È arrivata la condanna per lo stupro a piazza Sallupara. La pena di 3 anni di reclusione per Francesco Chiricozzi e di 2 anni e 10 mesi per Riccardo Licci è giunta al termine del giudizio con il rito abbreviato, che ha comportato lo sconto di un terzo della pena.

La pubblica accusa aveva chiesto 4 anni e 4 mesi e 4 anni e 2 mesi. In più, ci sono i 40mila euro pagati dai due imputati alla persona offesa come risarcimento del danno. I due militanti di Casapound erano stati accusati di stupro e violenza su una 36enne di Viterbo. Chiricozzi è il 19enne che era consigliere comunale di Casapound a Vallerano, Licci è il 21enne viterbese.

La sentenza di primo grado è stata emessa dal giudice Elisabetta Massini, nell’aula 1 del tribunale penale di Viterbo, dopo due ore di camera di consiglio. Il giudice per le indagini preliminari Rita Cialoni aveva accettato la richiesta del pm Michele Adragna di andare subito a processo senza passare dall’udienza preliminare. L’accettazione del gip è del 6 settembre scorso.

I due, dopo essere stati arrestati il 29 aprile scorso, erano ai domiciliari con il braccialetto elettronico. A settembre è arrivata la scarcerazione, dopo la chiusura delle indagini preliminari.

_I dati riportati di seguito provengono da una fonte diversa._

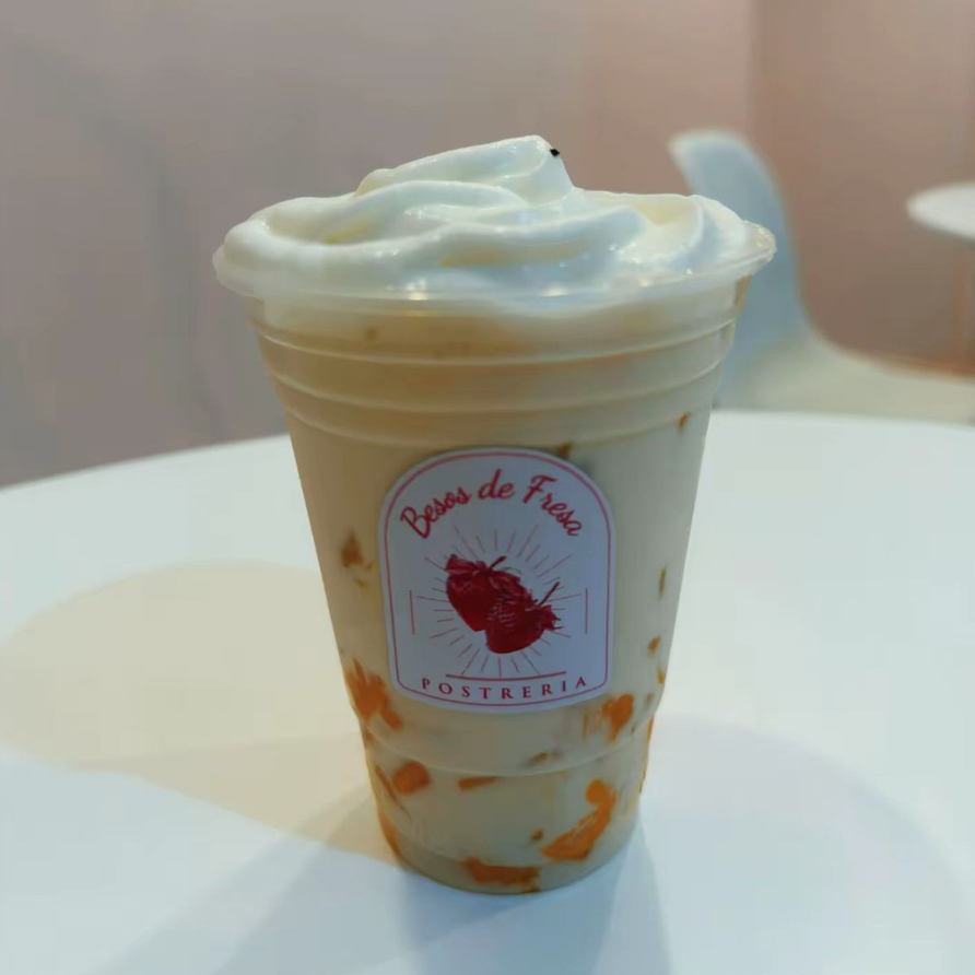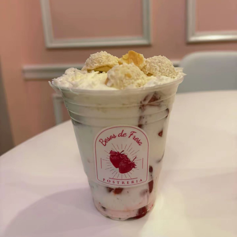 Fresas con crema en vaso de 12 oz con un jarabe y topping a elegir.
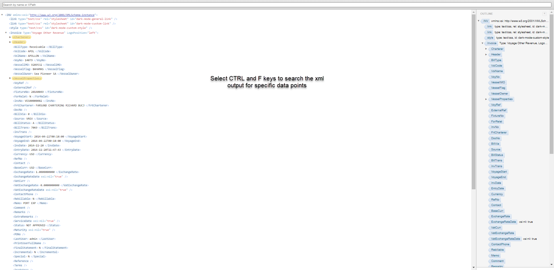5. A new tab will then appear in your browser’s window. Select the tab to view the XML and search the fields within (Select CTRL + A, then CTRL + C to copy the XML file entirely. You can then paste it to a new document by selecting CTRL + P).
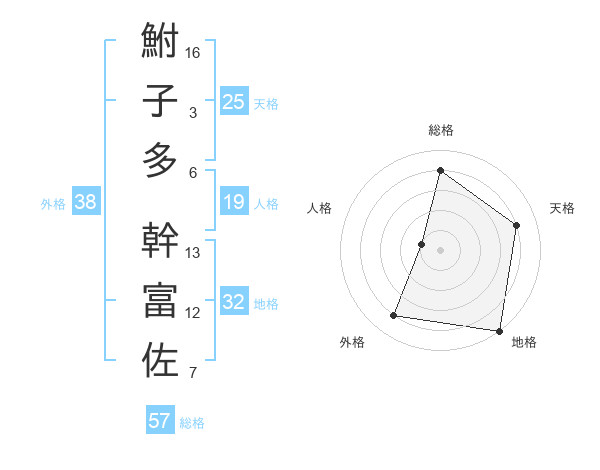 鮒子多 幹富佐さんを姓名の画数から五運を鑑定
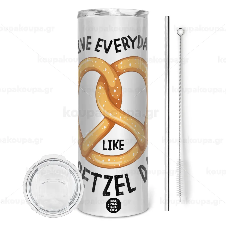 The office, Live every day like pretzel day, Tumbler stainless steel 600ml, with metal straw & cleaning brush
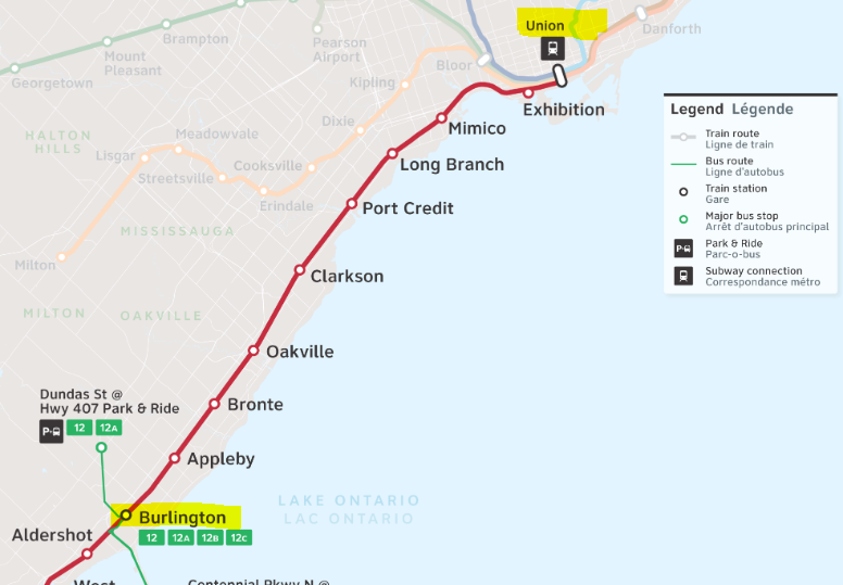 토론토 유니온역에서 GO 트레인을 타고 Burlington GO 역까지 이동합니다. (약 1시간 소요)
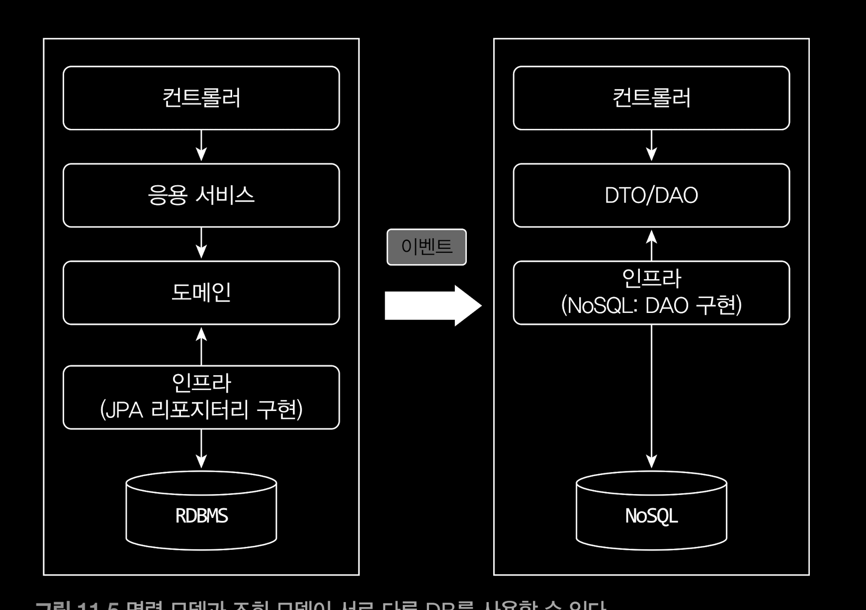 - 두 데이터 저장소 간 데이터 동기환느 이벤트를 활용해서 처리

I fatti avvennero nella notte tra l’11 e il 12 aprile scorso. Quando i due ventenni attivisti di estrema destra, secondo la ricostruzione della procura, avvicinarono la donna in un pub e poi insieme a lei andarono nel locale del movimento politico, a piazza Sallupara, dietro la centralissima piazza della Rocca, dove secondo l’accusa malmenarono la donna e poi la violentarono.

La procura aveva chiesto il giudizio immediato per i presunti stupratori di Casapound senza passare dall’udienza preliminare. Così è stato.  Per i difensori dei due – che hanno sempre chiesto la scarcerazione – si trattò di un atto sessuale consenziente.

La vittima è assistita dall’avvocato Franco Taurchini, mentre i due accusati sono difesi da un collegio a tre formato da Domenico Gorziglia, Marco Valerio Mazzatosta, Giovanni Labate.